As described above, in the optical star coupler using the mixer having the thin plate-like core according to the present invention, by shielding the entire peripheral wall of the core from the outside air, interference fringes on the output side end face of the mixer can be reduced. This makes it possible to maintain a uniform intensity distribution and maintain long-term stability of the performance of the optical star coupler.

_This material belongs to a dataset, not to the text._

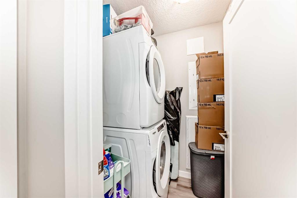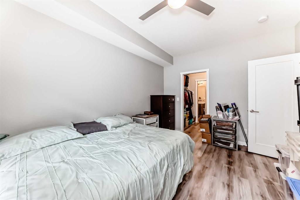 Absolutely striking combination of flooring, cupboards and backsplash in this ground level 2 bed listing in Shawnee Slopes. This is a larger 2 bed/2bath combo and has an extraordinary front patio with street access - perfect for receiving guests or dropping off groceries! This quiet neighbourhood near Fish Creek Park and the C-Train is perfectly situated, with shopping and schools close by and an abundance of greenspace. You will find this unit has everything you need with ample kitchen storage, large bedroom closets, plenty of natural light, high ceilings, in suite laundry, and titled parking and storage. The primary bedroom could easily fit your king-sized bed and furniture while the second bedroom easily fits a queen. This has been a rental property and well maintained.

[Brief explanation of the drawing]

Figure 1 shows the structure of a star coupler, and Figure 2 shows the structure of a mixer used in a conventional star coupler that was thought to have the highest efficiency and the smallest variation in distributed signal light. Diagram showing. Figure 3 is a schematic diagram showing how the signal light is distributed in the optical star coupler using the mixer shown in Figure 2, and Figure 4 is the signal light at the output end of the mixer shown in Figure 2. Figure 5 shows the signal at the output end of the mixer shown in Figure 2, which is generated when the side surface of the mixer becomes dirty due to condensation of moisture in the atmosphere or becomes scattering due to sublimation of constituent atoms. FIG. 6 is a diagram showing the disordered distribution of light, and FIG. 6 is a diagram showing an example of a mixer used in the optical star coupler according to the present invention. FIG. 7 is a diagram showing another example of the mixer used in the optical star coupler according to the present invention. It is a diagram. In the figure, (1) and (7) are optical connectors, the former serving as an input terminal and the latter serving as an output terminal. (2) and (6) are fiber arrays, (3) and (
8) is an optical fiber, (4) is an input section, (5) is a mixer,
(9) is the output part, Ql is the housing, Ql) is the core part, and 0 is the cladding part. Ol is the core part of the optical fiber, (I4 is the clad part of the optical fiber, (1!9 is the distribution of signal light at the output end of the mixer, and ae is the same (the distribution of signal light at the output end is uniform). Type 0 is the mixer adopted in the optical star coupler according to the present invention, I7) is the core part that has been withdrawn, and QIhCll is the joint surface between the core part and the cladding part or the cladding part and the cladding part. , at+ is the cladding part of the second mixer employed in the optical star coupler according to the present invention, and (c) is the second mixer. Note that the same or equivalent parts in the two figures are given the same reference numerals. (12) @4 Figure Ji5 Side 1 1 1

Claims (1)

[Claims] An optical connector that inputs and outputs signals from an external optical circuit. A fiber array in which a plurality of optical fibers are arranged in a straight line and optically polished to enable side-to-side connection with a mixer, a source fiber whose one end is terminated by an optical connector and the other end constitutes a fiber array, and the above-mentioned fiber array. In an optical star coupler that uses a mixer as a light guide component, which is connected to both ends of the mixer, the high refractive index region of the mixer, that is, the core part, has a square prism shape, and the remaining surfaces except for the two faces to which the fiber array is connected are An optical star coupler characterized in that its four faces are covered with glass having a low refractive index, that is, a cladding part.